Data shown ->
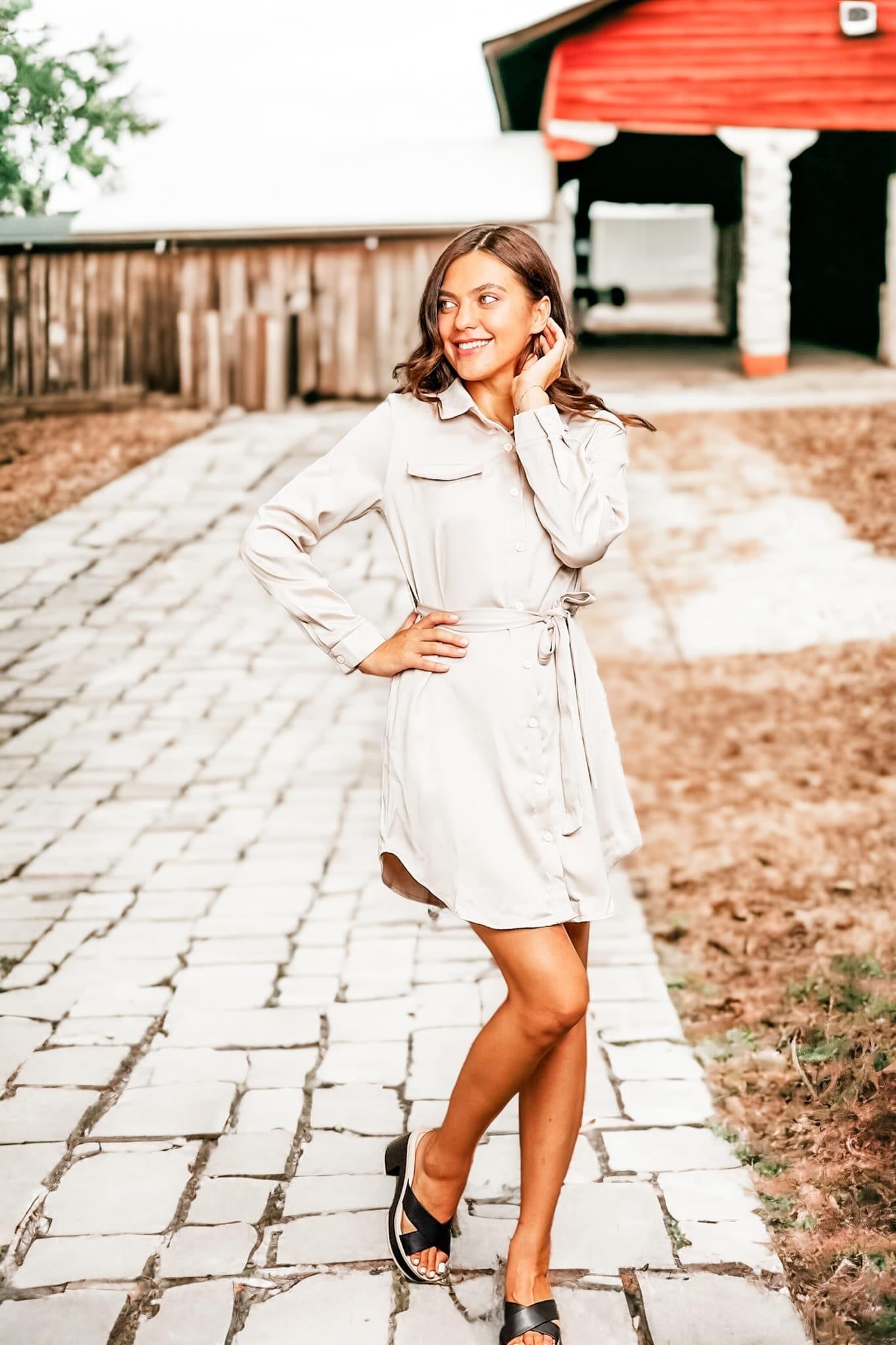 Collared Neck Tie Waist Long Sleeve Buttoned Dress
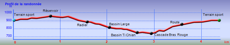 La randonnée débute au terrain de sport de Palmiste Rouge, proche de la route de l'Îlet à Calebasse. Repérer, près de la salle des fêtes, un sentier rocailleux qui remonte vers une maison peinte en orange. Grimper jusqu'à cette habitation puis rejoindre la route par le Chemin du Bassin. Prendre à droite et marcher moins de 100 m jusqu'au sentier des Calumets qui est un raccourci entre champs et cases pour rejoindre le réservoir d'eau de Palmiste Rouge. Ce sentier, en bon état est parfois encombré de roches mais se suit sans problème (Photo 1). Il se termine au Chemin du Calumet bordé de quelques cases. Prendre à gauche, remonter la rue puis à droite pour rejoindre le château d'eau rectangulaire dominant le village. Délaisser le sentier des Calumets qui remonte à Cilaos et partir à droite derrière les installations du réservoir (Photo 2). Descendre jusqu'à la rivière du côté du captage et profiter des quelques cascades et toboggans de la Ravine des Calumets. On peut également remonter un peu jusqu'au bassin pour une trempette. Entamer la descente vers l'aire de pique-nique de Fond de Galets en quittant par la droite la large plaque basaltique. Tous les aménagements ont disparu mais on devine très facilement leurs anciens emplacements. Attention d'ailleurs aux fers à béton qui sont encore solidement fixés au sol mais dépassent de manière dangereuse en cas de chute. La marche s'effectue sous les filaos avant de rejoindre le ruisseau qui se traverse facilement sur les grosses roches (Photo 3). Il est possible de se désaltérer à la source tombant de la petite falaise qu'on frôle au passage (Photo 4). La suite s'effectue en rive gauche ou dans le fond de la ravine sur un trajet facile à deviner en fonction de la forme du terrain (Photo 5). Rejoindre l'aire de pique-nique sur un sentier en rive gauche encore très bien marqué (Photo 6). Au radier, traverser et marcher sur la route vers l'Îlet à Calebasse puis bifurquer à droite aussitôt pour emprunter le sentier qui longe la rive gauche de la Ravine des Calumets. Traverser plus loin le torrent à gué car la passerelle n'est plus en place, emportée par le courant (Photo 7). Le sentier est correct sur une courte distance en s'approchant d'une nouvelle aire de repos située en hauteur sur la droite. A partir du Bassin Corneille (Photo 8), il faut quitter la trace principale et trouver celle qui passe au plus près de la ravine. Non entretenu, le parcours est alors un jeu de devinette où les yeux cherchent constamment le sentier dans les jouvences qui l'ont envahi. La descente, fort heureusement, n'est jamais abrupte. Le parcours longe les bassins et toboggans de cette ravine avec possibilité de halte à chacun d'entre eux. Le Bassin Large peut s'atteindre par une sente encore très facile à repérer derrière les rocher (Photo 9). On devine encore quelques tronçons dans des parties sableuses un peu glissantes (Photo 10) ou mieux marquées le long de la ravine (Photo 11). En cas de doute, chercher le meilleur passage sur la rive la plus accessible, surtout si le niveau de l'eau est faible (Photo 12). Il faut parfois marcher entre ou sur des rochers, le but étant de toujours rester au plus près de l'eau. A un moment, la vallée se rétrécit mais sur une courte distance à l'approche d'une grotte en rive droite (Photo 13). La progression reprend, toujours en descente le long des petits bassins où la traversée est assez facile (Photo 14). La hauteur de l'eau étant en général assez basse, il n'y a pas de problème particulier de traverser même si les gués ont disparu (Photo 15). Sur la gauche, effectuer un très court détour pour aller au pied de la cascade tombant du Bras Rouge, bien connue des amateurs de descentes de canyons (Photo 18). On parvient plus tard au haut d'une haute et large chute qui tombe en voile une quinzaine de mètres plus bas (Photo 19). Comme depuis le début, on rencontre surtout des toboggans plutôt que des cascades spectaculaires (Photo 20 et Photo 21). L'endroit est agréable et se franchit sur les roches en rive gauche en prenant garde à la glissade sur la forte pente (Photo 22). La ravine est de plus en plus pentue et rocheuse (Photo 23). On rencontre bientôt un sentier remontant vers Palmiste Rouge. Très vite, un croisement vers la gauche permet de se rapprocher du très sauvage Bassin Ti Chien alimenté par deux belles cascades (Photo 24). Impossible de se rapprocher très près des bassins car les falaises sont abruptes et dangereuses (Photo 25). C'est la fin de la descente qui aura permis de côtoyer une dizaine de bassins ou chutes pour le plus grand plaisir des oreilles et souvent des yeux malgré la difficulté à suivre l'ancien sentier. Entamer la remontée qui s'effectue sur un sentier fragile constitué de pierres instables et de sable gris (Photo 26). Quelques lacets un peu raides coupent les jambes mais la distance est courte jusqu'à une grosses touffe de bananiers ou aux premières habitations (Photo 27). Il y a plusieurs possibilités pour rejoindre le point de départ en prenant des rues bordées de cases fleuries (Photo 28) ou quelques raccourcis encore en service.
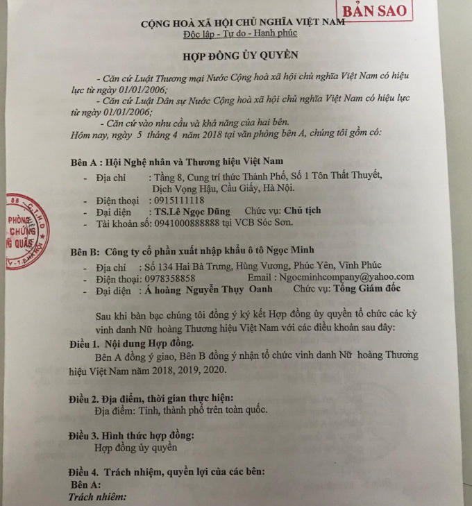 Tiếp đến, ngày 04/07/2019 sở Văn hóa và Thể Thao Hà Nội đã ban hành băn bản số 2365/SVHTT- QLNT gửi cho Công ty cổ phần xuất nhập khẩu ô tô Ngọc Minh về việc tiếp nhận thông báo tổ chức biểu diễn nghệ thuật trong chương trình “Tôn vinh Nữ hoàng Thương hiệu Việt Nam năm 2019”.
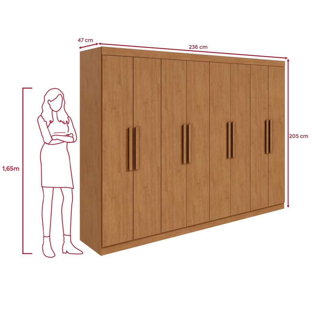 Guarda-roupa Casal Easy Slim 8 Portas Amendoa Clean
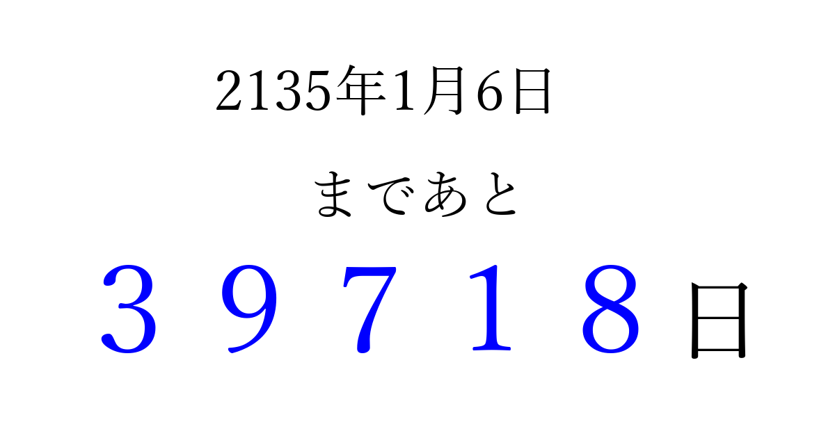 2135年1月6日(木)まで あと 99999 日です 追加すると、トップページからすぐ選べるようになります ※2026/04/09現在の結果です。 最新の状態に更新する ↓シェアして、タイムライン上にカウントダウンを表示しよう!↓ 📤 この結果を共有する Tweet シェア Threads Bluesky 別の日付でカウントダウン 2135年1月のカレンダー このページをブックマークに追加すると、いつでもカウントダウンを確認できます。 (PC: Ctrl+D / Mac: ⌘+D) hitome-notes.comでは以下のページも運営しています。 指定日と期間から日付を計算 | ガチャ確率計算・シミュレーション | プライバシー・ポリシー 運営者:Avocado
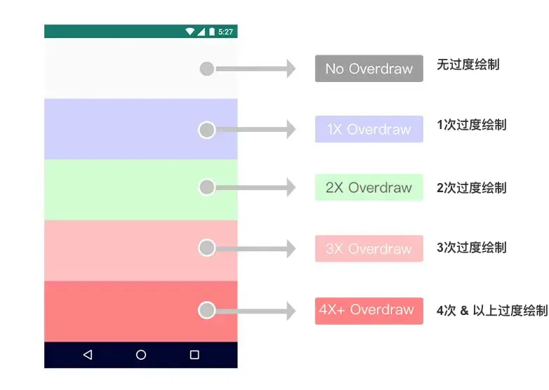 过度绘制 会导致屏幕显示的色块不同,具体如下

Task goal ->
Leaving the pictures out, copy exactly the lines from the line that contains "Guarda-roupa Casal Easy" to the last line of the data, both ends included.

Answer for this exercise ->
 Guarda-roupa Casal Easy Slim 8 Portas Amendoa Clean
 2135年1月6日(木)まで あと 99999 日です 追加すると、トップページからすぐ選べるようになります ※2026/04/09現在の結果です。 最新の状態に更新する ↓シェアして、タイムライン上にカウントダウンを表示しよう!↓ 📤 この結果を共有する Tweet シェア Threads Bluesky 別の日付でカウントダウン 2135年1月のカレンダー このページをブックマークに追加すると、いつでもカウントダウンを確認できます。 (PC: Ctrl+D / Mac: ⌘+D) hitome-notes.comでは以下のページも運営しています。 指定日と期間から日付を計算 | ガチャ確率計算・シミュレーション | プライバシー・ポリシー 運営者:Avocado
 过度绘制 会导致屏幕显示的色块不同,具体如下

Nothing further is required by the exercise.